Kwaśne środowisko w dłuższym okresie powoduje rozwój grzybów, to samo w lesie

Autor:  kudlaty [ 01 maja 2023, 08:50 - pn ]
Tytuł:  Re: Grzybica wapienna

marian pisze:
Maxik pisze:
Doczytałem się pewnej niespójności. Większość zaleca podkarmienie zakwaszonym syropem octem lub kwaskiem cytrynowym. Pojawia się też rekomendacja by odkwasić np sodą oczyszczoną. Hmmm, :idea: :idea: :idea:


Zakwaszanie tak, przed kilkunasty laty próbowałem z soda oczyszczoną -żadnego rezultatu.


Mam dokładnie te same doświadczenia. Dlatego najlepiej robić tak jak już napisałem

Autor:  Beeman [ 01 maja 2023, 13:14 - pn ]
Tytuł:  Re: Grzybica wapienna

Lenin pisze:
Nie chodzi na pewno o jedną chorobę, już kiedyś wspominał że we Francji mają z tym ogólny problem. Jeżeli ktoś ma jakiś kontakt z tamtymi pszczelarzami to proszę o informację czy to potwierdzą.
Na YT jest pszczelarz (anglik mieszkajacy we Francji) prowadzi bloga i wszystko jest na bierzaco co tam u niego sie dzieje.
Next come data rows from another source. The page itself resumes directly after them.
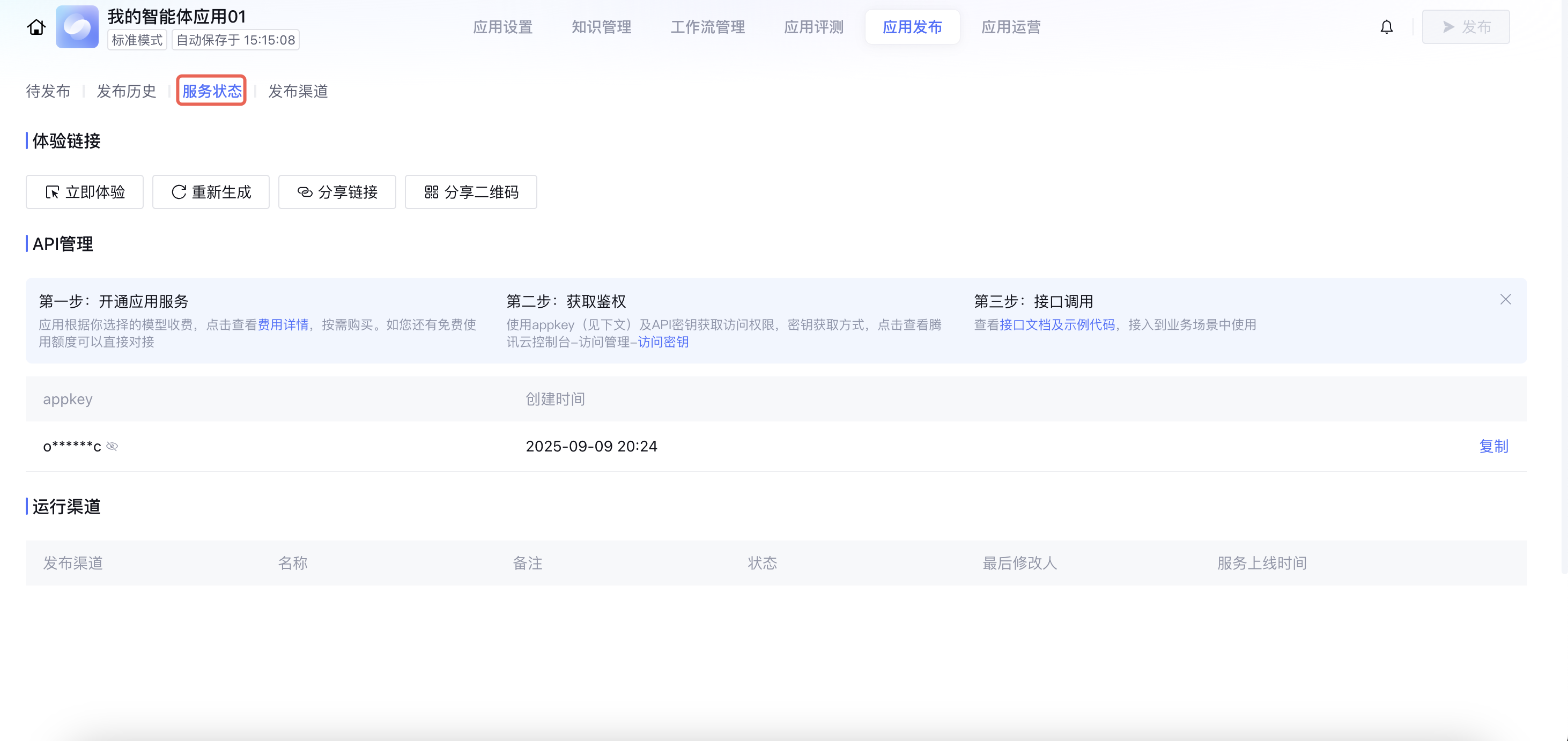 9. 发布完成后,可前往应用发布 > 服务状态查看体验链接、分享体验链接、分享体验二维码。也可查看 API key,使用 接口调用 的方式,接入到业务场景中。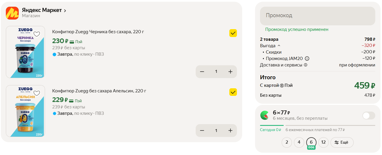 Сейчас действует скидка 20% по промокоду: JAM20 при заказе от 400₽. В составе конфитюров 60% ягод и фруктов, без красителей и консервантов, без глютена. Хороший вариант и на завтрак, и в выпечку, и просто так к чаю. Обрати внимание: есть виды с добавлением сахара.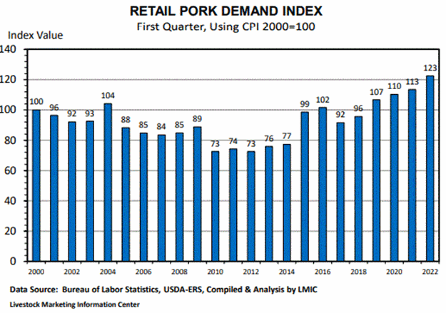 The all fresh pork index saw a first quarter buoy of 123, up from 113 the prior year. Annually, 2021, 2020, and 2019 all set new annual highs for retail pork demand. Those three years showed quarters 1, 3, and 4 increasing very sharply, while the second quarter index values pulled back rather abruptly from a high 2019.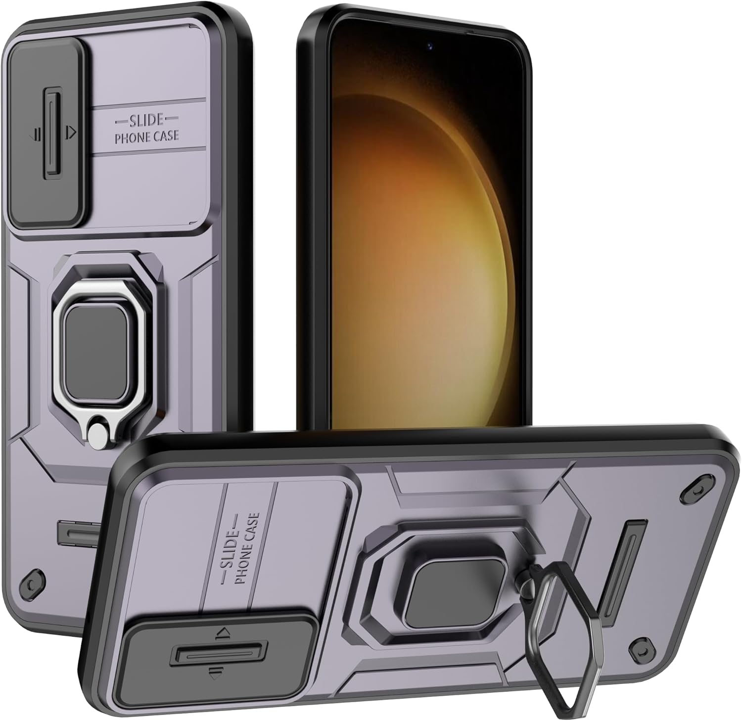 Mobile Phone Case for Samsung Galaxy S23 Support Car Holder Sliding Window Shockproof Protective Phone Cover for Samsung S23 Military Cases Lens Protection Purple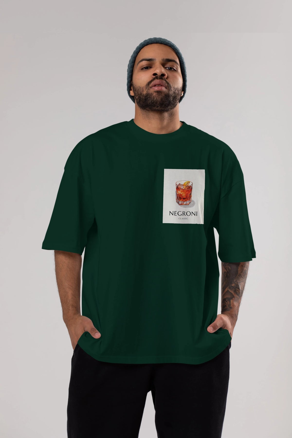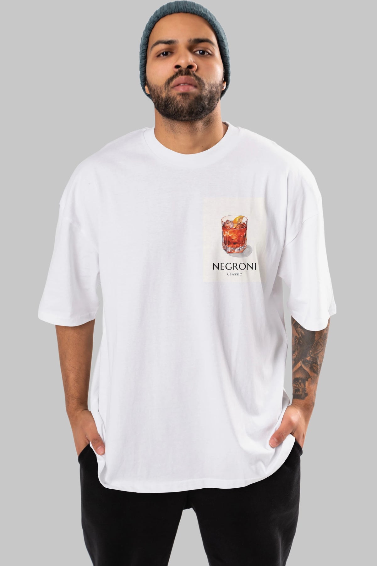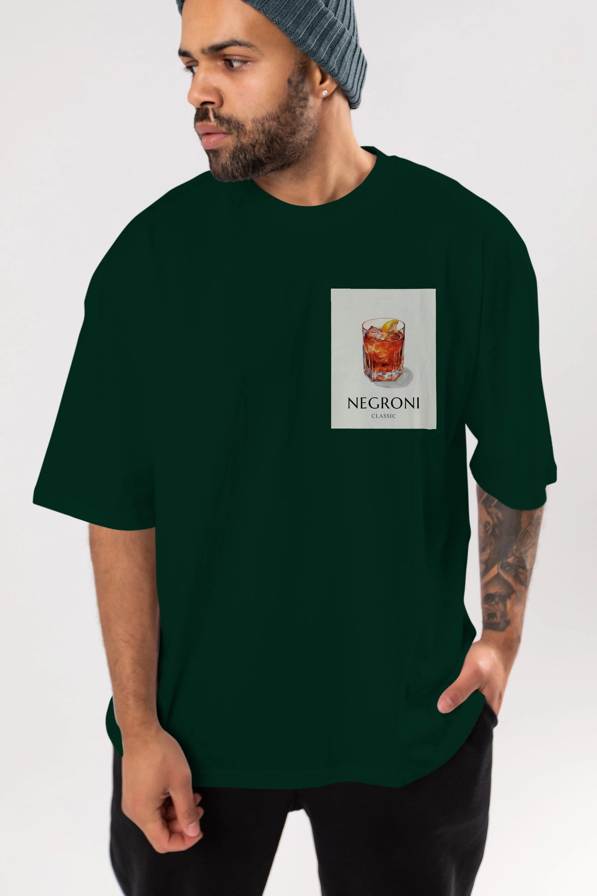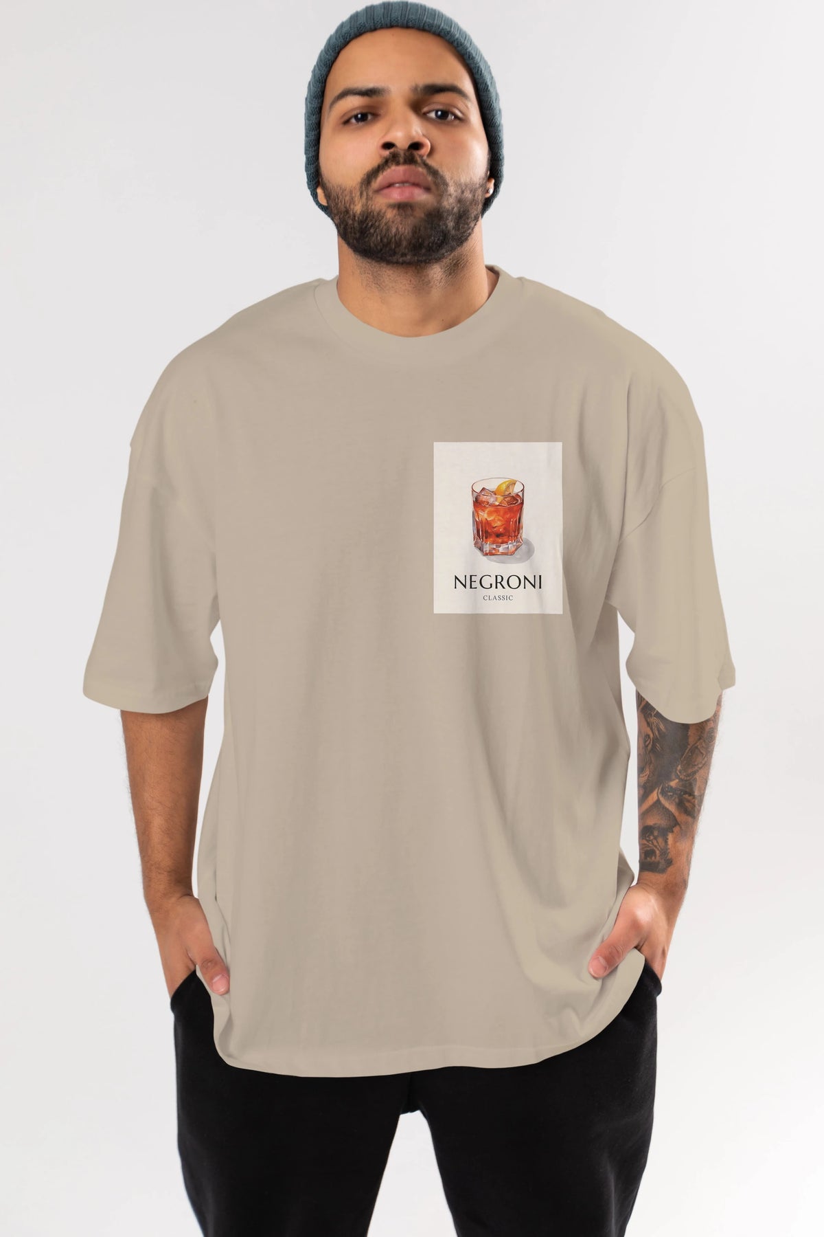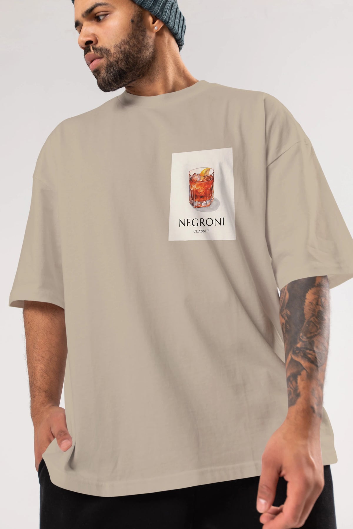 Negroni Classic Ön Sol Baskılı Oversize t-shirt Erkek Kadın Unisex %100 Pamuk Bisiklet Yaka tişort

Tak on poniosl duze straty w zeszlym roku ale tak bylo chyba na calym swiecie. W USA dochodzily do 80% upadku rodzin. U mnie w klubie jeden pszczelarz mial przygotowane do zimowli 1000 odkladow przeznaczonych do sprzedazy na wiosne. Zostalo tylko 80 rodzin. Inny stracil 2800 rodzin. Ja tez na wsi mialem ogromne straty. Z 50-ciu MiniPlusow tylko 3 przezimowaly. Ale w miescie mialem dziesiec razy mniejsze straty. Moja teoria jest taka: Obecnie na swiecie mamy tylko paru gigantow produkujacych te same"opryski" A ze sa nietykalni to nikt im nic nie udowodni.